To open the gates, or not to open the gates of their countries, that is the question. The pseudo-Hamletian query seems to resonate very well with the dilemma European policymakers face in light of the European migrant crisis.[1] Recently I have had the chance to observe the situation on the ground and how the crisis has taken a toll on the migrant population, nation states, NGOs, and other stakeholders. As co-organizer of the Harvard Humanitarian and Policy Advocacy Trip, I have travelled to Athens and the Greek island of Lesvos – the infamous locale seven kilometers away from the Anatolian shores where tens of thousands of migrants have been crossing over to the European Union since the inception of the crisis in 2015. It should not come as a surprise that the trip was arresting, yet the situation on the ground is grievous, to say the least.

As carnage exacerbated in Syria and ISIS seized new territories in the Middle East and North Africa, hundreds of thousands of migrants boarded rubber boats and other rudimentary forms of naval transportation to reach the Mediterranean shores. Greece, in the midst of its sovereign debt crisis, was inevitably caught off guard by the massive influx of migrants. Its understandable unpreparedness coupled with economic and social hardship, political instability, rise of the extreme right, and mounting security concerns created a crucible for migrants, Greeks, and all other entangled parties.

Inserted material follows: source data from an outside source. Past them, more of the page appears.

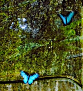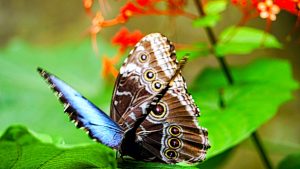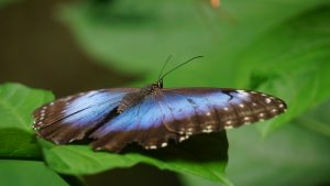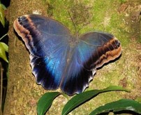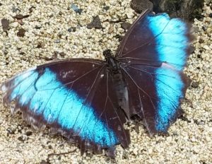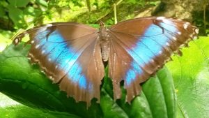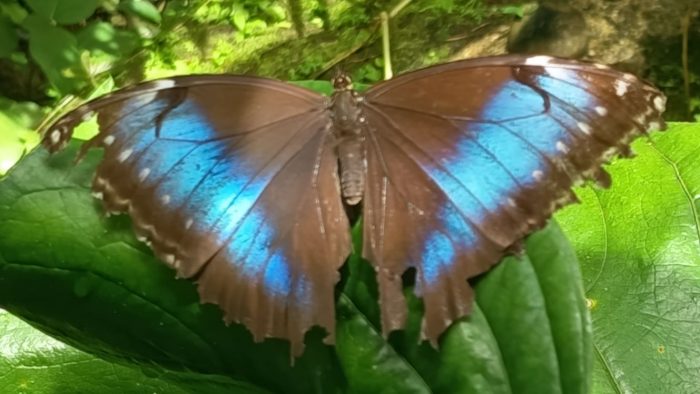 Nous tombons sur la serre des papillons. Dès que nous y pénétrons, les flashes bleus des Morphos nous enchantent.
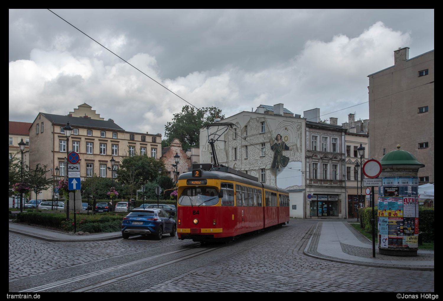 Für das Bild von Wagen 84 waren die Lichtverhältnisse dahingegen alles andere als optimal. Während ich auf den Wagen wartete, kämpfte die Sonne sich kurzzeitig etwas frei, sodass diese Stelle perfekt im Licht gewesen wäre. Als sich der Wagen jedoch anbahnte, ging das Licht komplett aus und dafür war der Himmel im Hintergrund extrem hell. So war Wagen 84 beim Bild relativ dunkel. Das kleine Stück nahe der Station Rynek Główny, an dem die beiden Fahrtrichtungsgleise ineinander verschlungen verliefen und eine schöne Wandmalerei im Hintergrund zu sehen war, wollte ich mir dennoch nicht entgehen lassen.
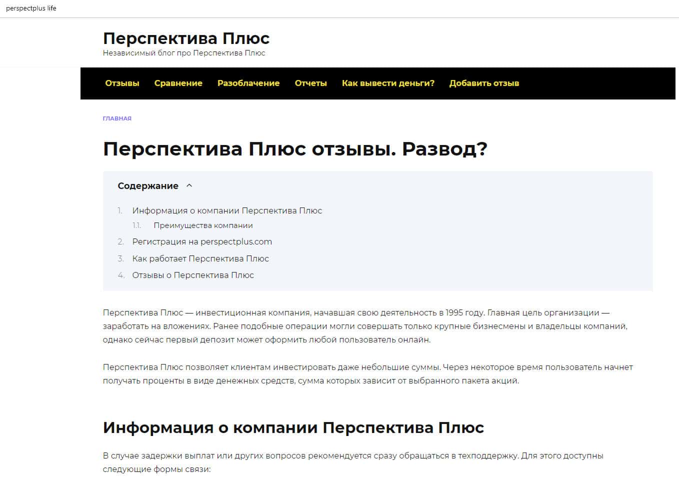 Перспектива Плюс создала свой "независимый" блог на сайте perspectplus life, в котором восхваляется работа данной шарашки и говорится о том, как повезло тем, кто уже вложил деньги в эту кухню и получил прибыль. Стоит отметить, что настоящий независимый блог не стал бы превозносить контору к божественному уровню без изъянов, ведь они всегда есть.
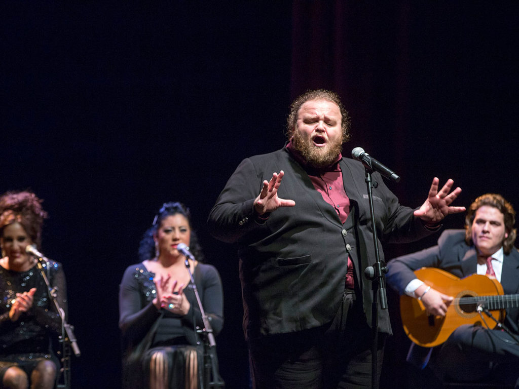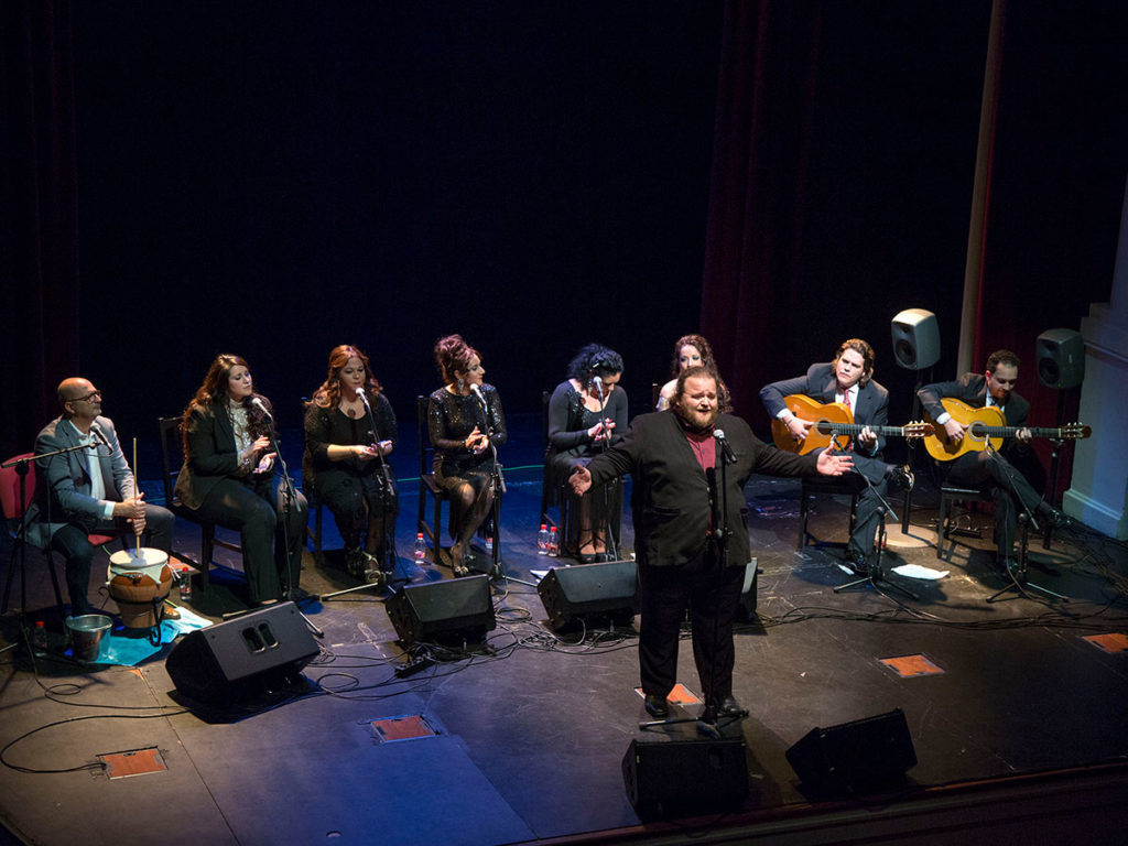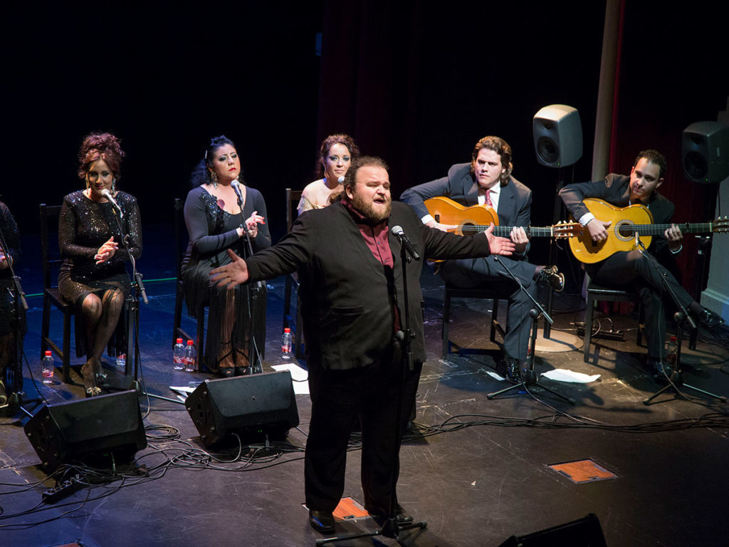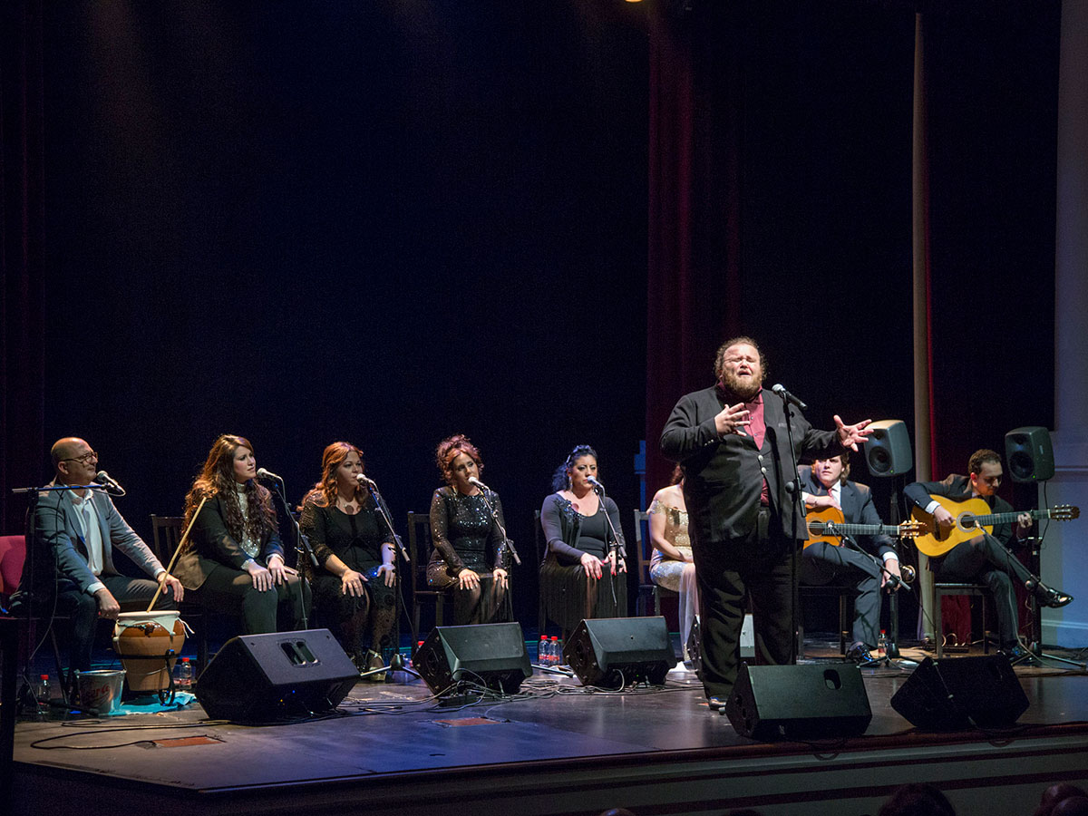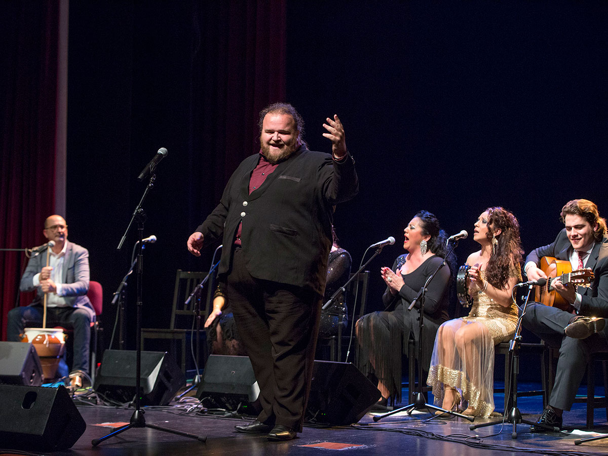 Tras esta introducción más recogida, el artista cedió el protagonismo al cuadro solvente, luminoso y enérgico formado por las cinco voces poderosas de Sandra Rincón, María del Mar Barea, Mari Ángeles García de Quirós, Gema la Cantarota y Tamara de Tañé, las guitarras de Paco León y Vicente Santiago y la zambomba de Israel López, encargado también de contagiar la alegría y el buen ambiente.
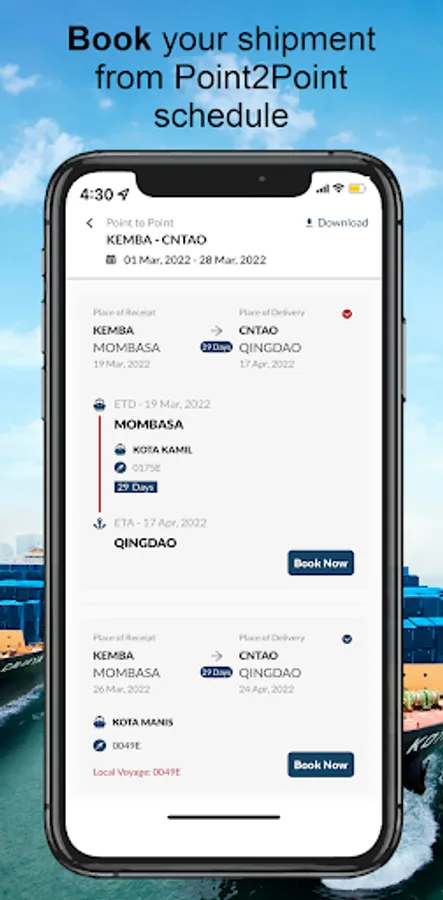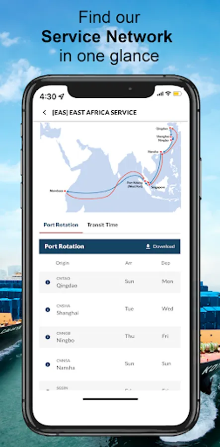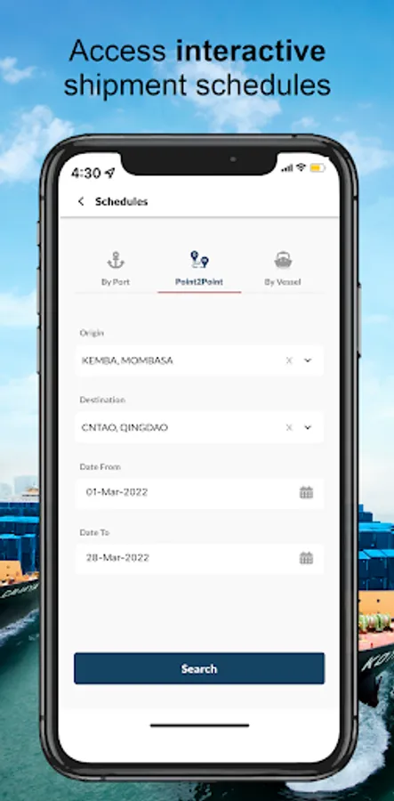 - Interactive shipment schedule by port, point-to-point, and by vessels, as well as our service network coverage.
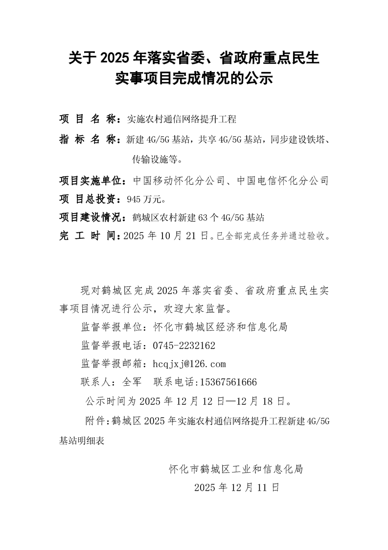 关于2025年落实省委、省政府重点民生实事项目完成情况的公示
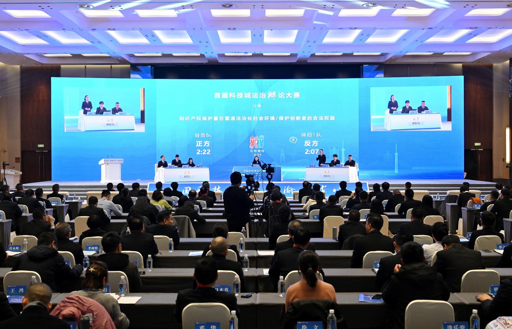 辩论双方以知识产权保护重在营造法治化社会环境还是重在保护创新者的合法权益展开了一番唇枪舌剑,金句频出。最终,绵阳一队以微弱优势获得胜利,为本届科技城辩论赛画上圆满句号,也宣告法治论坛的正式开始。
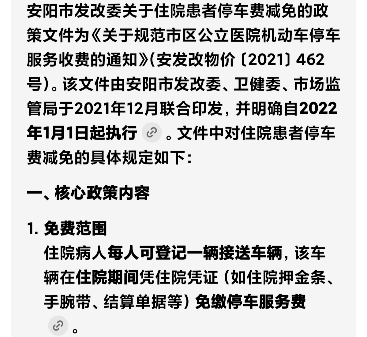 | 留言内容 | 早在2022年 安阳市发改委、卫健委、市场监管局于2021年12月联合印发并明确2022年1月1日起执行的《关于规范市区公立医院机动车停车服务收费的通知》(安发改物价〔2021〕462号) 。该文件明确规定,住院病人每人可登记一辆接送车辆,该车辆在住院期间免缴停车服务费 。 住院患者在医院住院治疗本身已经承担了医疗费用等经济负担,医院作为公益性质的机构应尽量为住院患者提供便利,免收住院患者的停车费用能够减轻患者的经济与精力负担,提升就医的便利性与体验,彰显医院公益属性与人文关怀,也更能有效的传递民生温度。建议驻马店市以及辖区各个县城的医院能够向安阳市学习,促进驻马店的发展,让广大患者体现来自于驻马店的爱。
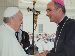 J’ai été le dernier évêque français nommé par le Pape Benoît XVI et le premier évêque ordonné sous le pontificat du Pape François en avril 2013. Je l’ai rencontré trois fois de façon assez brève. En 2013, peu de temps après mon ordination, j’ai participé à Rome à une session des nouveaux évêques. A cette occasion François nous avait invités à ne pas être « des évêques d’aéroport » mais à être pasteurs du peuple de Dieu qui nous avait été confié. Je l’ai revu au cours d’un pèlerinage, puis en octobre 2018, lors du synode sur les jeunes et les vocations. Là, j’ai passé un mois à Rome. J’ai été frappé par la simplicité du Pape qui se trouvait chaque matin à 8h30, avec son porte document, à l’entrée de la salle du synode, saluant simplement ceux qui arrivaient. Le Pape avait déjà du mal à marcher, il prenait l’ascenseur, mais n’aimait pas le faire seul et invitait les évêques qui passaient à ce moment-là à prendre l’ascenseur avec lui… J’ai donc fait un voyage – assez rapide – en ascenseur avec lui… Un moment bref qui m’a permis de bénéficier de sa chaleureuse simplicité !
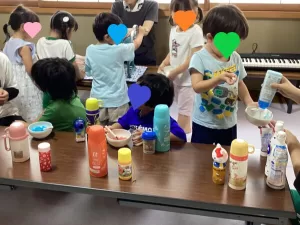 など、色の変化の不思議さを体験しながら遊びを進めていきます。

Notwithstanding the quandary, Greek authorities initially responded positively to the aforementioned Hamletian question: Both government and opposition assented that humanitarian considerations abrogate all other facets in the crisis. Reception centers and refugee camps were set up nation-wide. Multifarious bureaus at the helm of migrant matters were integrated into a single, newly-established Ministry of Migration Policy. Various legislative alterations were implemented to ameliorate migrant protection and align Greek statutes with European standards.  Clemency towards squatters was exercised. Despite all propitious measures and widespread Greek benevolence, it became apparent early on that the Greek Government could not unilaterally cope with the magnitude of the humanitarian crisis.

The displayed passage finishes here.